If the current rules do change as suggested above, then Maria will have already missed the opportunity to create an excluded property trust as she will have been living in the UK for 15 years and will therefore already be deemed domicile.
How an offshore bond subject to an excluded property trust may help
- Protection of assets from IHT by excluding them from the non UK domiciled client’s estate before they become deemed UK domiciled.
- 5% tax deferred withdrawals available.
- Full access to these assets (subject to income tax liabilities) in your client’s lifetime.
- Avoids delays in obtaining probate in the event of your client’s death meaning those who need the money most can benefit straight away on the instruction of the trustees. The trustees retain control over who benefits from the assets at their discretion.
- Unlike taxation of discretionary trusts for UK domiciled clients, excluded property trusts are not subject to the initial, periodic or exit charges for IHT unless the assets become UK situated.
- Extensive investment choice - Old Mutual International's extensive range of MultiManager funds, which grow free from local taxes, make it possible to choose a portfolio of funds that match attitude to risk.

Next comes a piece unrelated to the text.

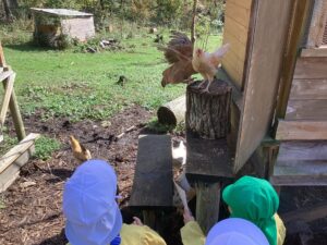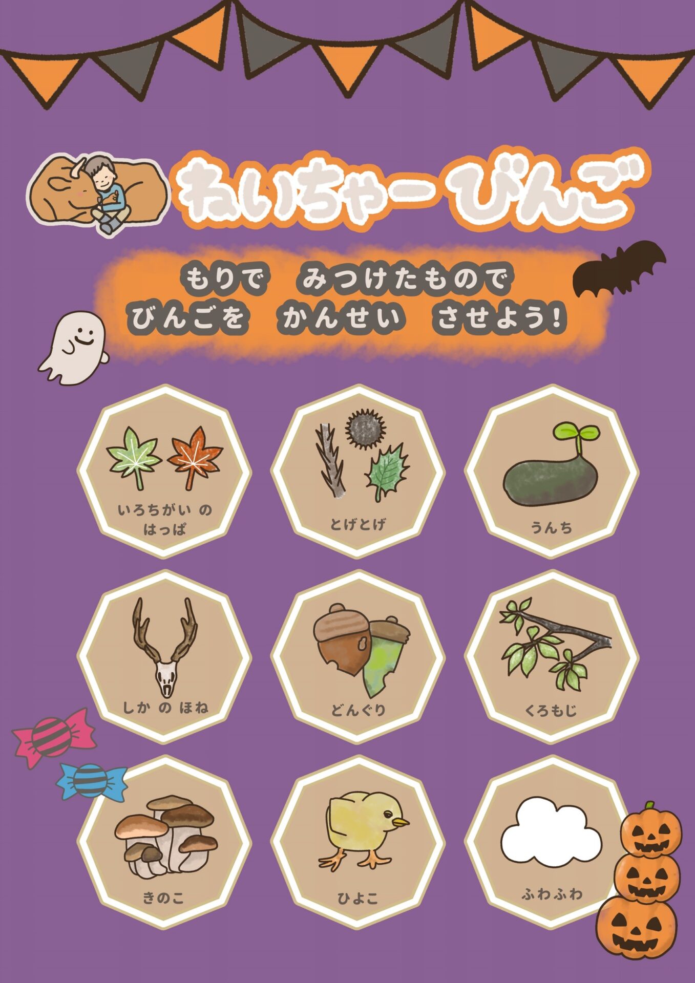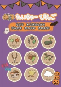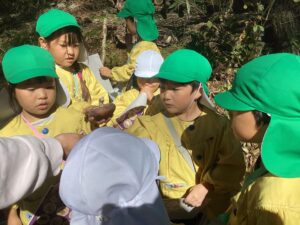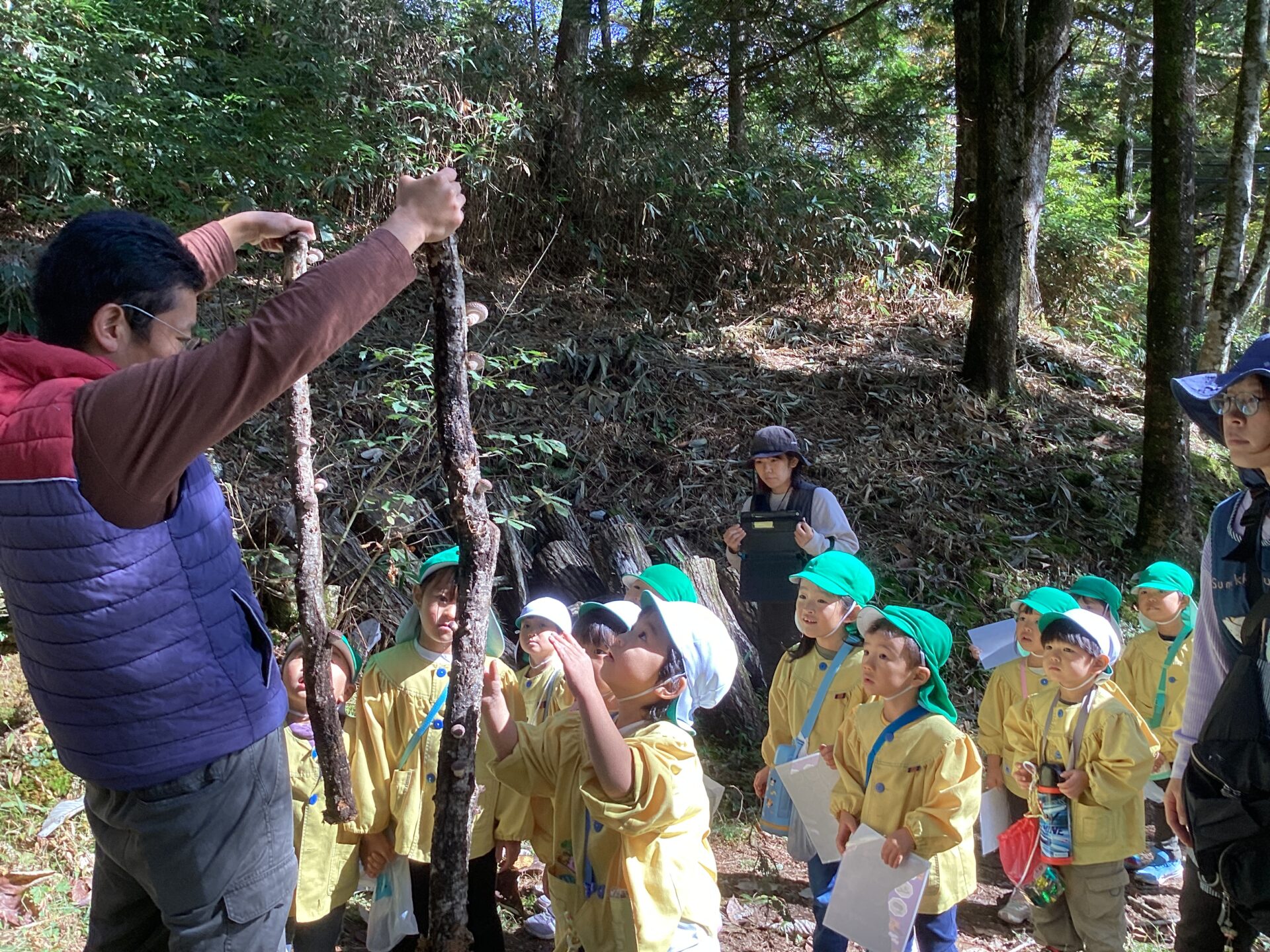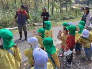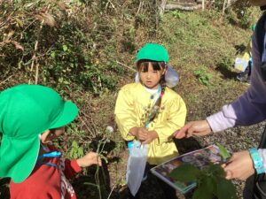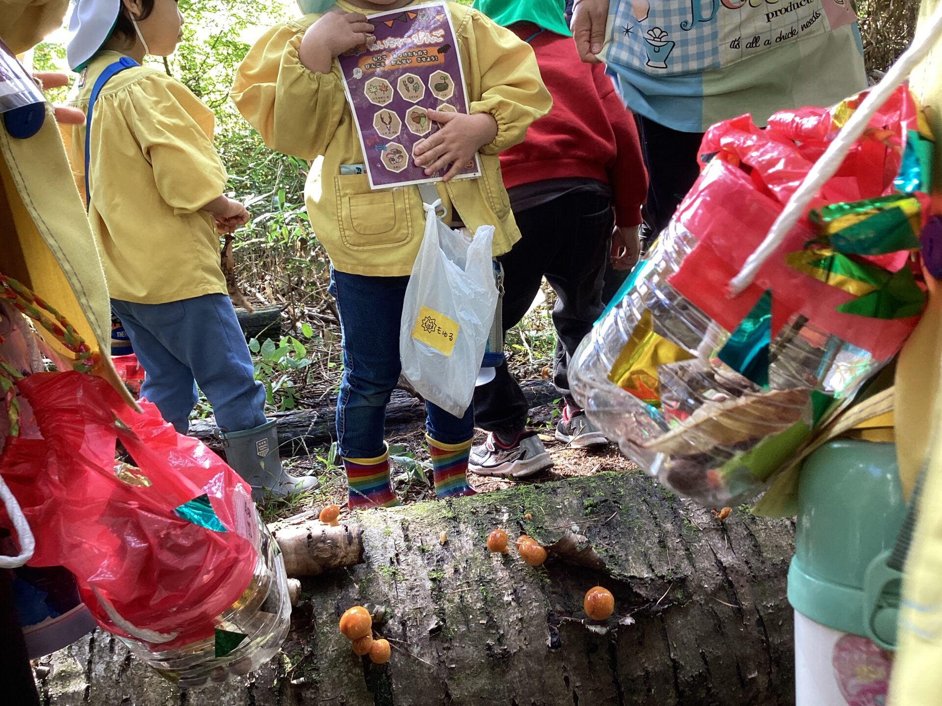 行きのバスの中で、ビンゴカードの絵を見る時間を作ることで、「ふわふわってなんだろうね。」「だれのうんち?!」「ほねみたい!」等と自由に言いながら、ハッピーマウンテンには何があるのか、想像を膨らませ、期待と楽しみな気持ちが高まっていました。グループは3つ(運動会の時と同じ)に分けることでスムーズに探索が楽しめたと思います。また、帰りにはしいたけやなめこ等の収穫体験をさせていただき、子ども達は夢中で収穫を楽しんでいました。収穫したナメコは給食で出していただき、子ども達が給食の食材に関心をもって食べる姿がみられ、良い経験ができました。自然がいっぱいのハッピーマウンテン、今回は秋の自然をたっぷりと見つけて楽しみました。今度は他の季節にも行って、色々な発見を楽しみたいな、と思いました。

The funds invested are not currently liable to taxes in the Isle of Man or Ireland. However, investment income accumulating in any fund may be subject to tax deduction in the country where the income was produced.
- International location - assets remain outside the UK and qualify as excluded property.
Additional points to consider
Once payments are made to a beneficiary outside of the excluded property trust, this amount (unless spent) will form part of that beneficiary's estate for IHT purposes.
When planning your client's affairs for IHT, you should as far as is practical, also give consideration to the financial regime and tax system in their likely country of residence when the trust is set up and when the investment is encashed either in full or in part.
If an individual is considering IHT planning and is currently non-UK domiciled but there is potential of them becoming UK domiciled in the future, it is clear how the use of an excluded property trust can be an extremely effective tax planning tool for IHT purposes. However, with the changes being introduced from April 2017 reducing the number of years an individual will become deemed domicile, the importance of considering this planning opportunity at an earlier stage is even more essential.